[Excerpts from a dataset]
□ □ □ □ □

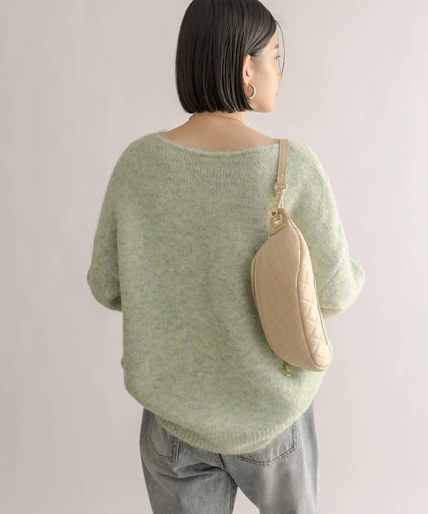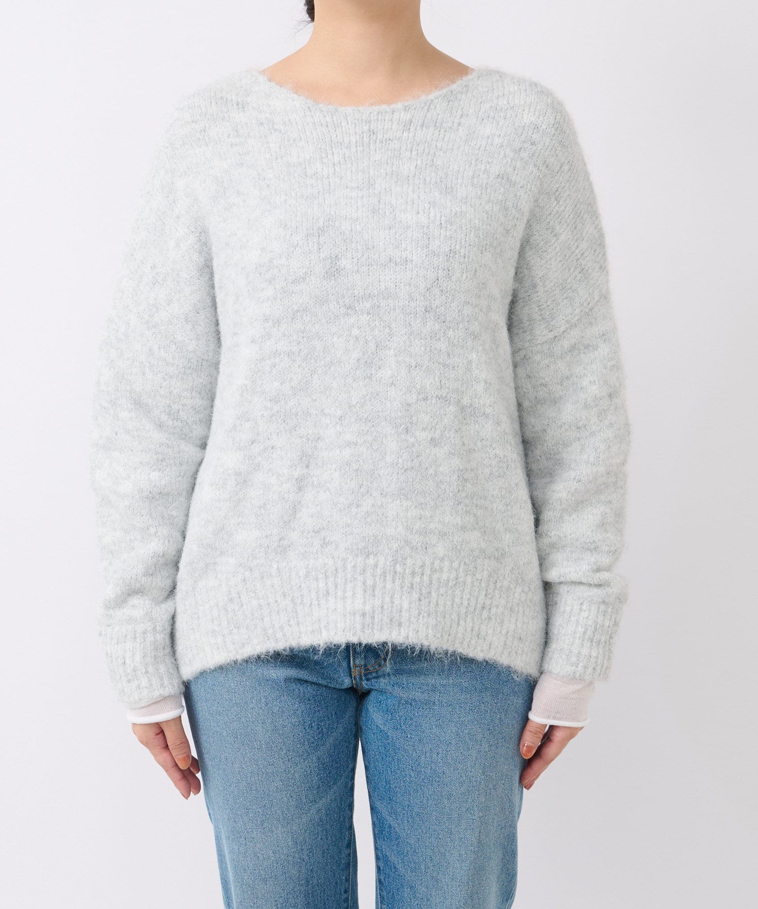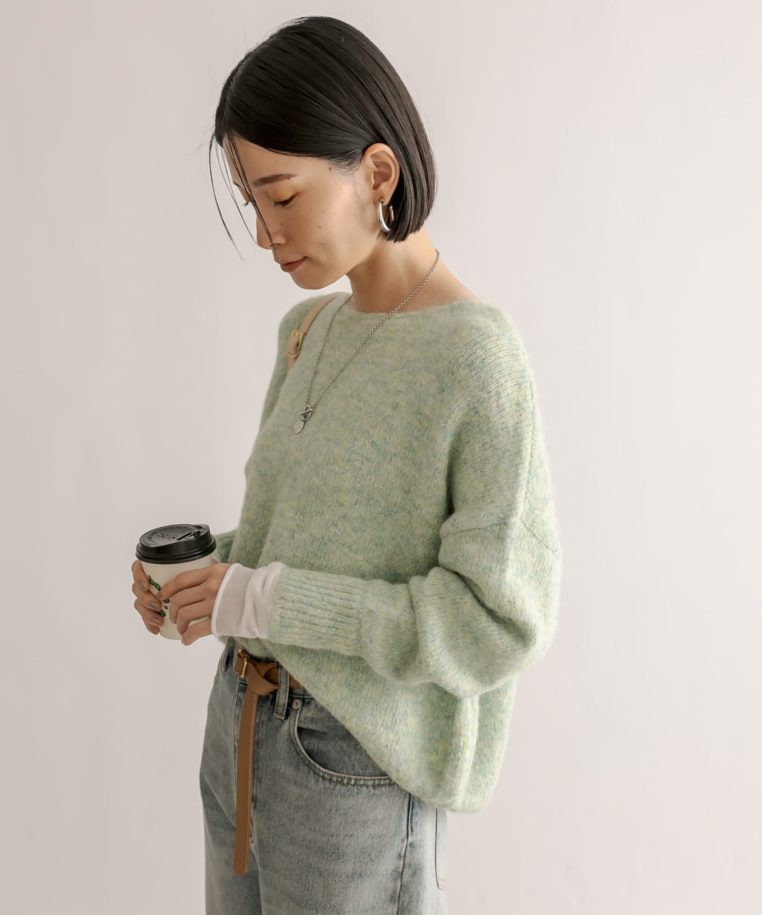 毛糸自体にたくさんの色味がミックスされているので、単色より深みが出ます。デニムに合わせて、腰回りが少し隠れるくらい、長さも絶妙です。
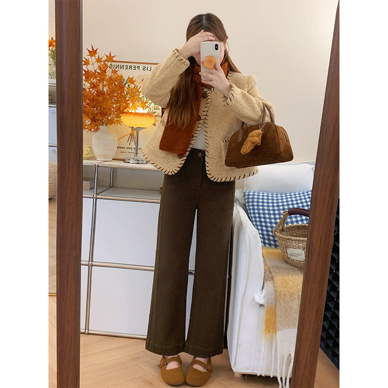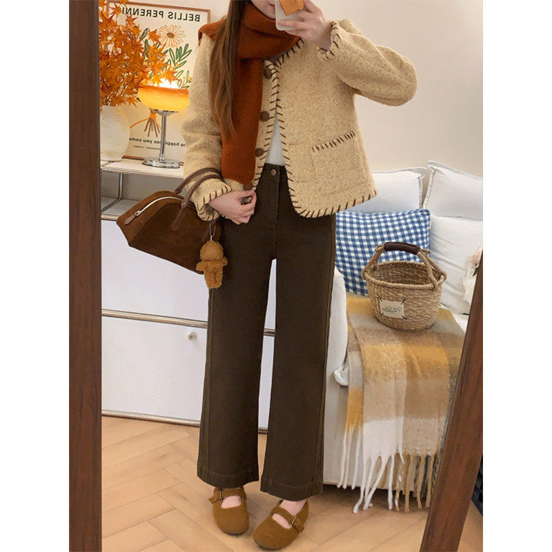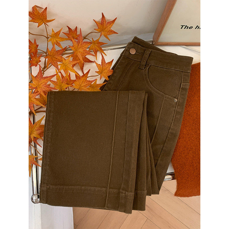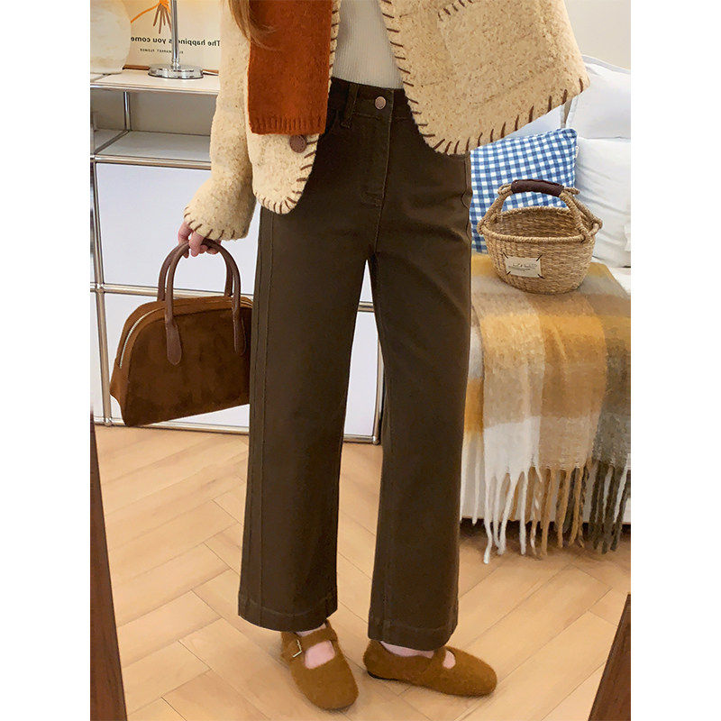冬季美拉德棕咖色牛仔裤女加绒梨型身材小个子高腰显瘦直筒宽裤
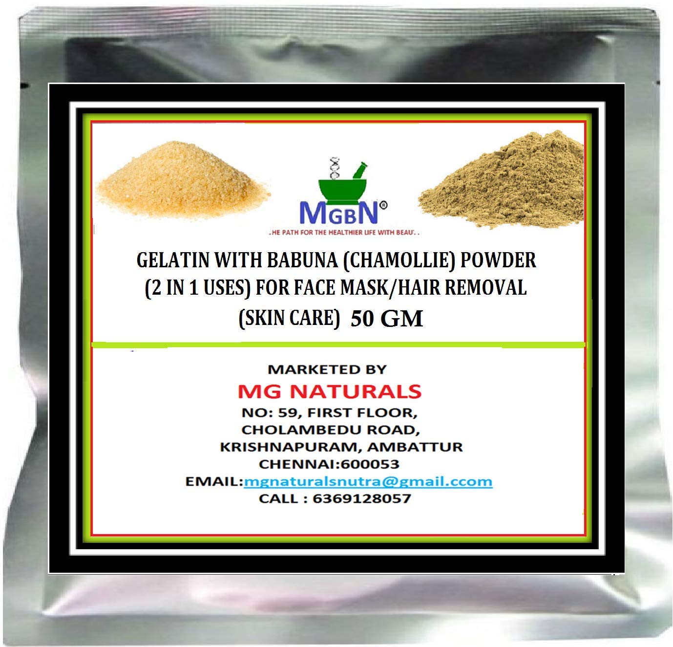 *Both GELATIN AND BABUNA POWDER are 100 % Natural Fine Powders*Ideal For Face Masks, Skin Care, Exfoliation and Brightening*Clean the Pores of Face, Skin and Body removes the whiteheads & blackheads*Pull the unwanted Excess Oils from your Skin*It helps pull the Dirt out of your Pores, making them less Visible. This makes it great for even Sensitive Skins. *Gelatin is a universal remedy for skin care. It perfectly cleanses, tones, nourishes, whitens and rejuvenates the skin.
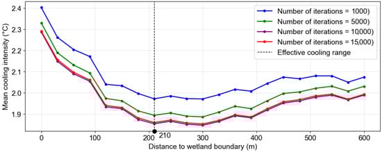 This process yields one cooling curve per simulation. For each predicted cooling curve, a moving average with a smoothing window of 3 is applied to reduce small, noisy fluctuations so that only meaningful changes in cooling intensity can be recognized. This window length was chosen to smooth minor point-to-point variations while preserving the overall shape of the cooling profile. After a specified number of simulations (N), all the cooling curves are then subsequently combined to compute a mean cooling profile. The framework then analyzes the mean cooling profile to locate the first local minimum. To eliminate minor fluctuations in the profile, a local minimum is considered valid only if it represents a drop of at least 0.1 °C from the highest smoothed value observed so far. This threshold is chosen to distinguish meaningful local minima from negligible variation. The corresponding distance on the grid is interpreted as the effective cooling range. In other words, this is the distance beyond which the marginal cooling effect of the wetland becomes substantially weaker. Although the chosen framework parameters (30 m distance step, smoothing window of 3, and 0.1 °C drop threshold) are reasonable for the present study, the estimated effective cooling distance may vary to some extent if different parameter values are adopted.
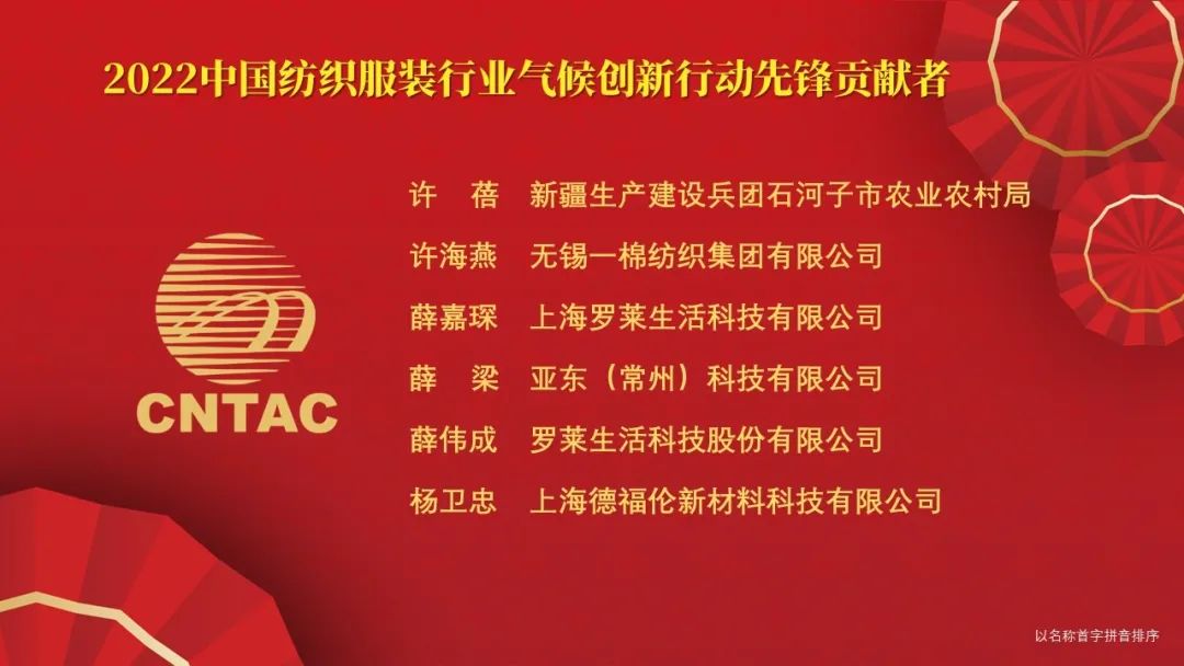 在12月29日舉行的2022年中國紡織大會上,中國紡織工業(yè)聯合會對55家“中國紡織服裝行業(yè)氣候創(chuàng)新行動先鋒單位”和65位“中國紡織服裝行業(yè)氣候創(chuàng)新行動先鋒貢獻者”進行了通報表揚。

□ □ □ □ □

(Your goal):
The records above should be duplicated exactly, with none of their pictures kept.

(Task solution):
 毛糸自体にたくさんの色味がミックスされているので、単色より深みが出ます。デニムに合わせて、腰回りが少し隠れるくらい、長さも絶妙です。
冬季美拉德棕咖色牛仔裤女加绒梨型身材小个子高腰显瘦直筒宽裤
 *Both GELATIN AND BABUNA POWDER are 100 % Natural Fine Powders*Ideal For Face Masks, Skin Care, Exfoliation and Brightening*Clean the Pores of Face, Skin and Body removes the whiteheads & blackheads*Pull the unwanted Excess Oils from your Skin*It helps pull the Dirt out of your Pores, making them less Visible. This makes it great for even Sensitive Skins. *Gelatin is a universal remedy for skin care. It perfectly cleanses, tones, nourishes, whitens and rejuvenates the skin.
 This process yields one cooling curve per simulation. For each predicted cooling curve, a moving average with a smoothing window of 3 is applied to reduce small, noisy fluctuations so that only meaningful changes in cooling intensity can be recognized. This window length was chosen to smooth minor point-to-point variations while preserving the overall shape of the cooling profile. After a specified number of simulations (N), all the cooling curves are then subsequently combined to compute a mean cooling profile. The framework then analyzes the mean cooling profile to locate the first local minimum. To eliminate minor fluctuations in the profile, a local minimum is considered valid only if it represents a drop of at least 0.1 °C from the highest smoothed value observed so far. This threshold is chosen to distinguish meaningful local minima from negligible variation. The corresponding distance on the grid is interpreted as the effective cooling range. In other words, this is the distance beyond which the marginal cooling effect of the wetland becomes substantially weaker. Although the chosen framework parameters (30 m distance step, smoothing window of 3, and 0.1 °C drop threshold) are reasonable for the present study, the estimated effective cooling distance may vary to some extent if different parameter values are adopted.
 在12月29日舉行的2022年中國紡織大會上,中國紡織工業(yè)聯合會對55家“中國紡織服裝行業(yè)氣候創(chuàng)新行動先鋒單位”和65位“中國紡織服裝行業(yè)氣候創(chuàng)新行動先鋒貢獻者”進行了通報表揚。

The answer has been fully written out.